WHAT YOU ARE ASKED TO DO —
Once you find the line with "SEO外部ツールには「KD%" in the data below, transcribe exactly each line from there to the line with "Åpent kontorlandskap for", inclusive, and nothing else. Drop the pictures.
***** ENTRIES PROVIDED *****
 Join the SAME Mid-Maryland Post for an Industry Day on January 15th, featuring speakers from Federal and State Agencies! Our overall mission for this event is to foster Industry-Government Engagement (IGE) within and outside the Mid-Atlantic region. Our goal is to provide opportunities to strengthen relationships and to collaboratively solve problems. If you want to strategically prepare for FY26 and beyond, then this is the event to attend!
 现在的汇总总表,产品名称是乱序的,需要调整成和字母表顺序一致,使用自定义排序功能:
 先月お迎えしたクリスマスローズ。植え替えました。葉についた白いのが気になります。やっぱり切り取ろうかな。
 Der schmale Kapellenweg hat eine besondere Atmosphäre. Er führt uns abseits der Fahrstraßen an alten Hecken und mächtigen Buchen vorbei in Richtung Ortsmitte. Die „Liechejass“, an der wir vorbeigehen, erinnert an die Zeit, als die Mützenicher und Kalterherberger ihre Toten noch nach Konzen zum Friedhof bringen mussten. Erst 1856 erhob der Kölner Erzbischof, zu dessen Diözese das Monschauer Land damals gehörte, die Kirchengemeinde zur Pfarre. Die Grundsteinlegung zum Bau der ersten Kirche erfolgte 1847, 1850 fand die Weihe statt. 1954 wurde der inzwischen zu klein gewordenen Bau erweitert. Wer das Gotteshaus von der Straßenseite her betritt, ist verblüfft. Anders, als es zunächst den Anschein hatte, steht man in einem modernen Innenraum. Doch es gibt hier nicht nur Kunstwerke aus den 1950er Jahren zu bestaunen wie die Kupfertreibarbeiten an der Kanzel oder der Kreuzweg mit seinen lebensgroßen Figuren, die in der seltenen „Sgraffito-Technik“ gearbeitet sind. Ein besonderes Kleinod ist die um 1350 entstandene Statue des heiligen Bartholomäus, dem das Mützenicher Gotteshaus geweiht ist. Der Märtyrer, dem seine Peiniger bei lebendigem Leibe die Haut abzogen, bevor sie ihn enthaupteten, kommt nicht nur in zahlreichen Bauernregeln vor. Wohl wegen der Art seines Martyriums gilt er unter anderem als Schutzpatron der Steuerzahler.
*****
***** ENTRIES PROVIDED *****
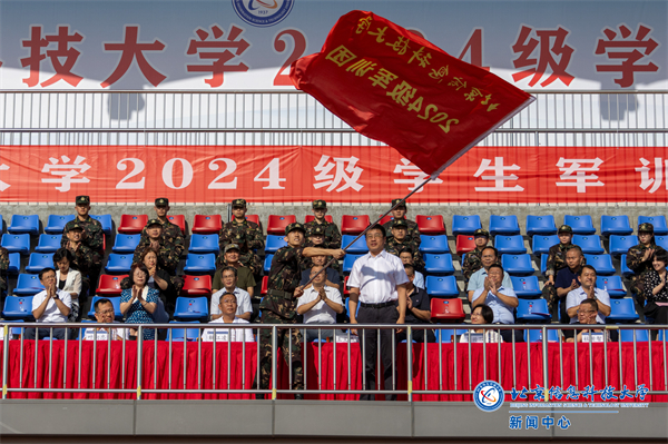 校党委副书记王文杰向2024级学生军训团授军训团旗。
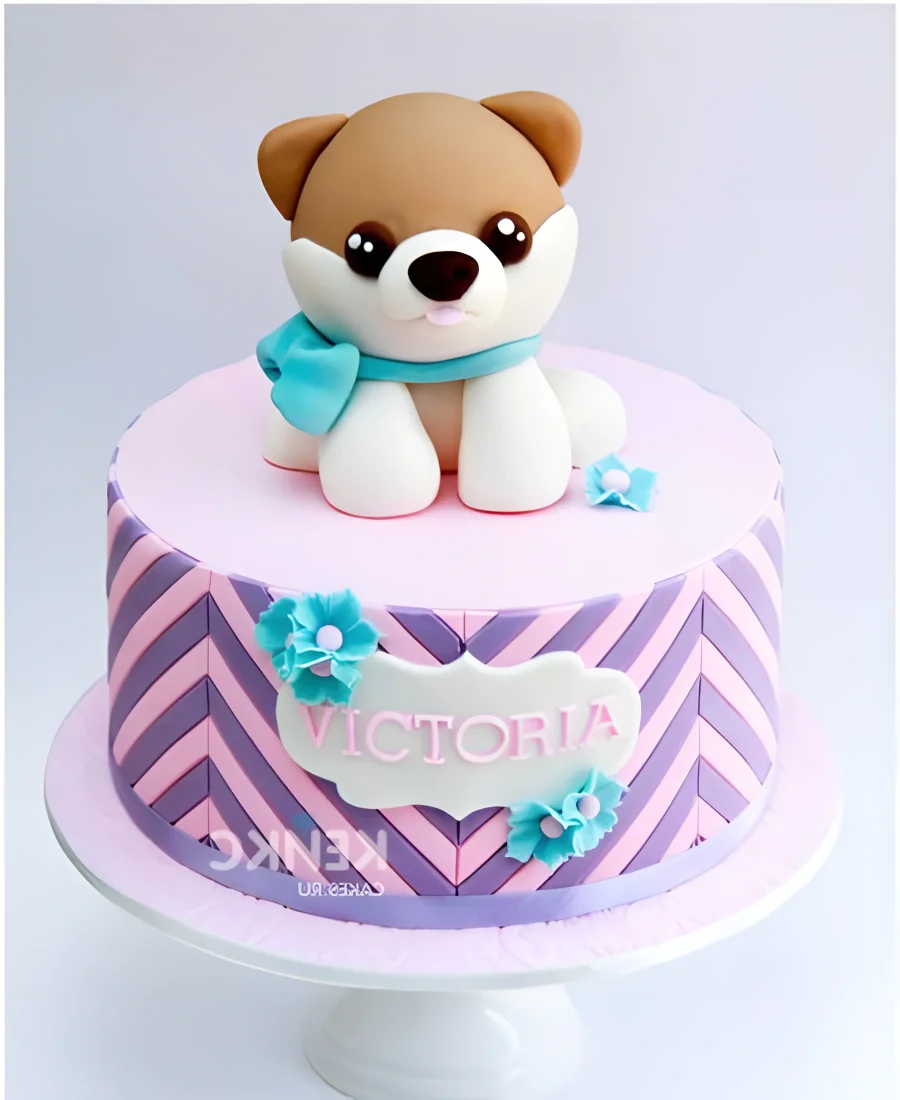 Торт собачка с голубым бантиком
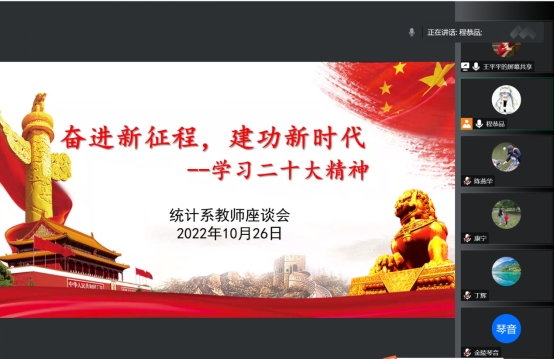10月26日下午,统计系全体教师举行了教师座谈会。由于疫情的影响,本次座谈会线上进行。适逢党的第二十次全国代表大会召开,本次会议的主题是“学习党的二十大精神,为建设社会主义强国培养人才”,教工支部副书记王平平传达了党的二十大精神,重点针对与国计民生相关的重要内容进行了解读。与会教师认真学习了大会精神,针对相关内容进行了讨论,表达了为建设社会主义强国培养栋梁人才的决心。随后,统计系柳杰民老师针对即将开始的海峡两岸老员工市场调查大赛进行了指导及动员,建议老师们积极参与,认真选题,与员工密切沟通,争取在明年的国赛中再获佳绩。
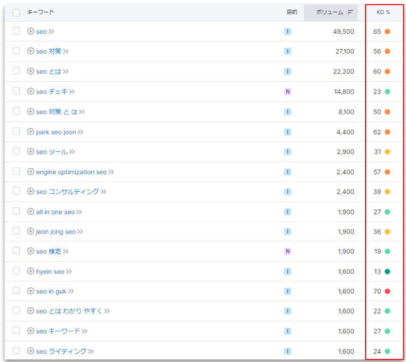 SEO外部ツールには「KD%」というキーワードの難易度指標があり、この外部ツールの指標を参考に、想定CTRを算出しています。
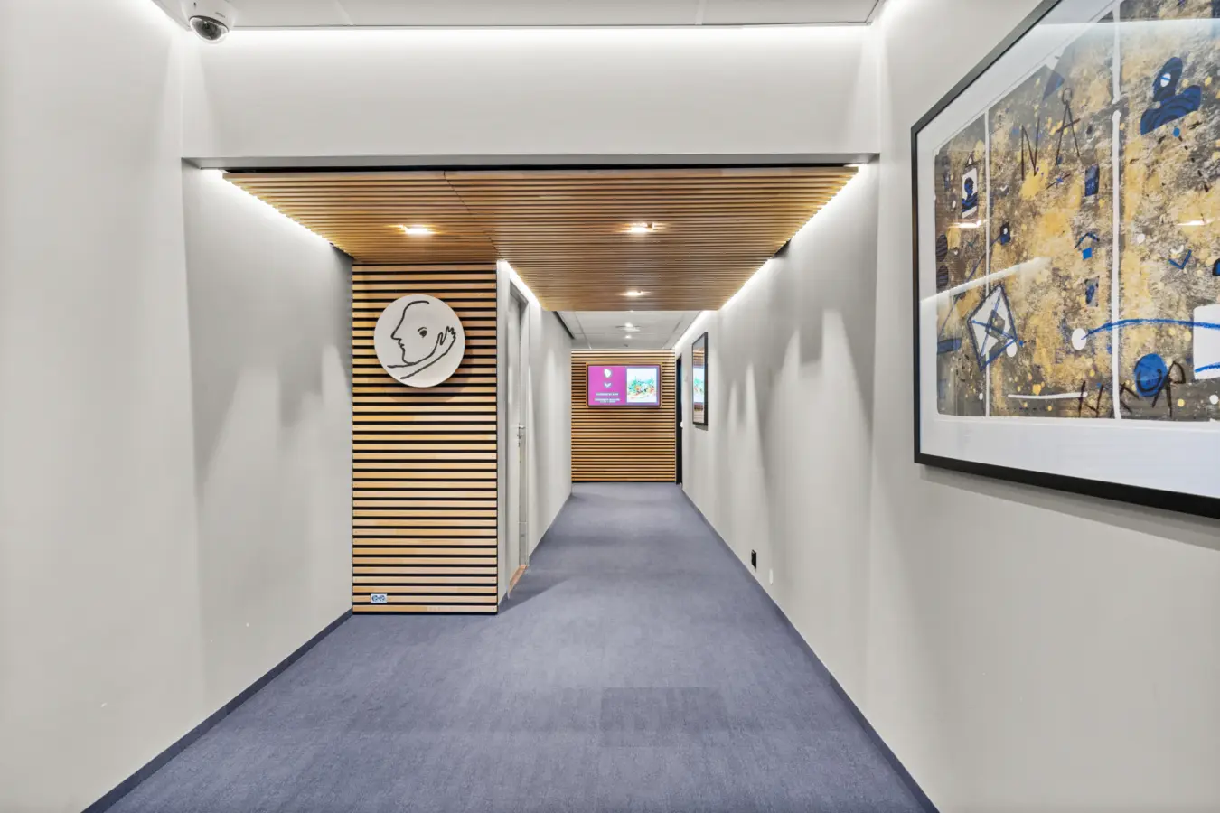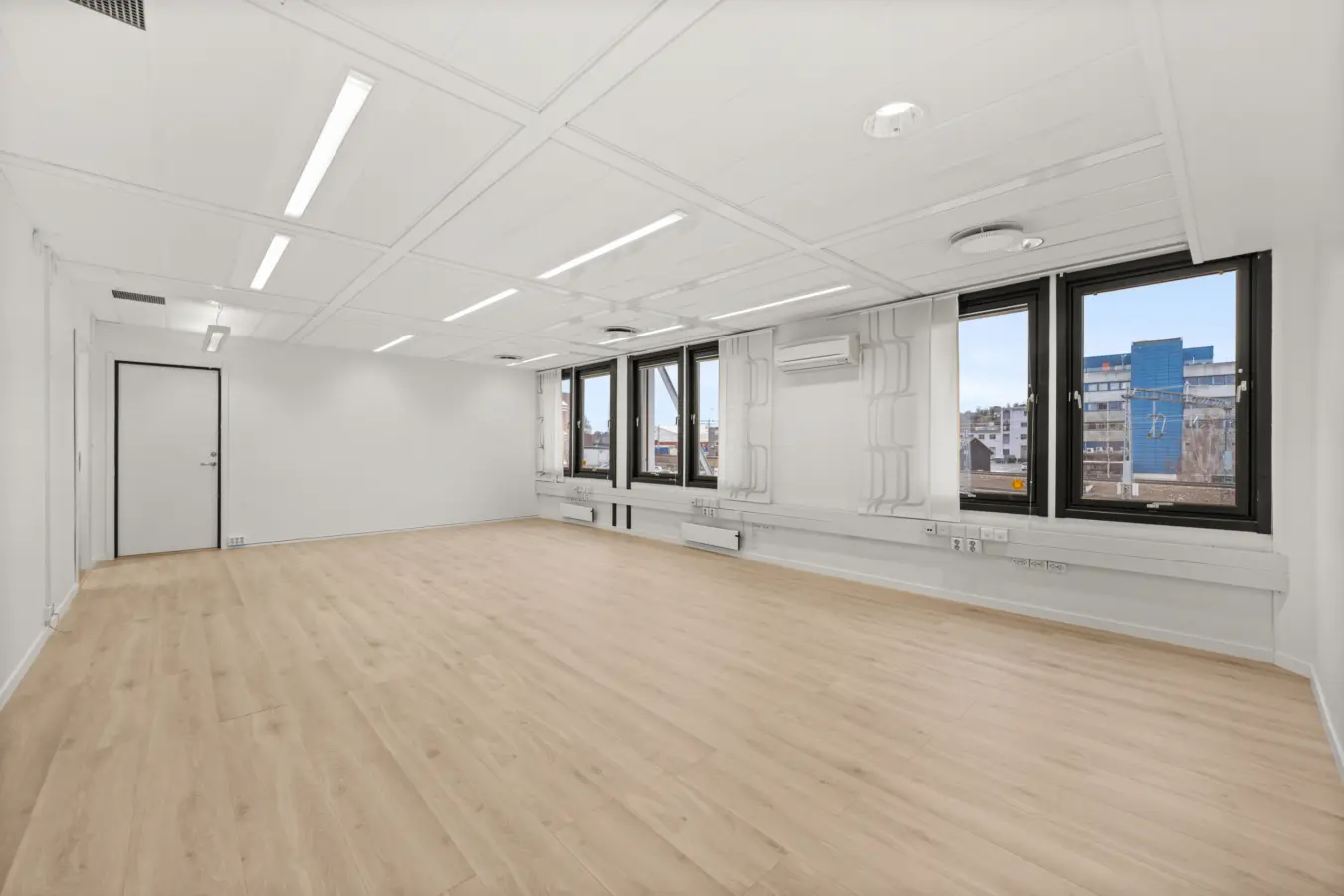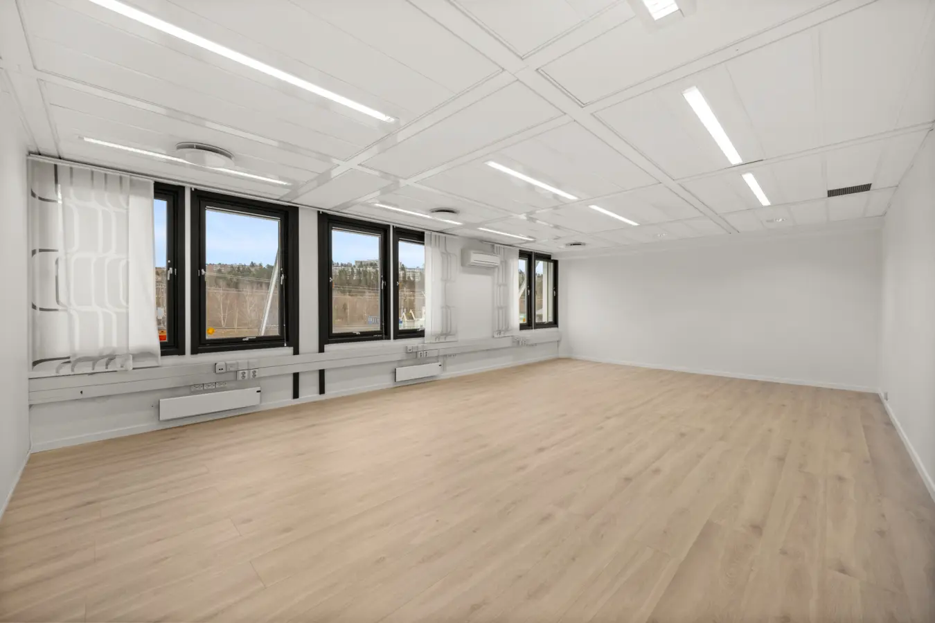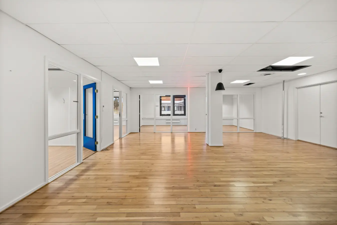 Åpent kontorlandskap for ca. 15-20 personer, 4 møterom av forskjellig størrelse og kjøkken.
*****
SOLUTION FOR THIS TASK —
 SEO外部ツールには「KD%」というキーワードの難易度指標があり、この外部ツールの指標を参考に、想定CTRを算出しています。
 Åpent kontorlandskap for ca. 15-20 personer, 4 møterom av forskjellig størrelse og kjøkken.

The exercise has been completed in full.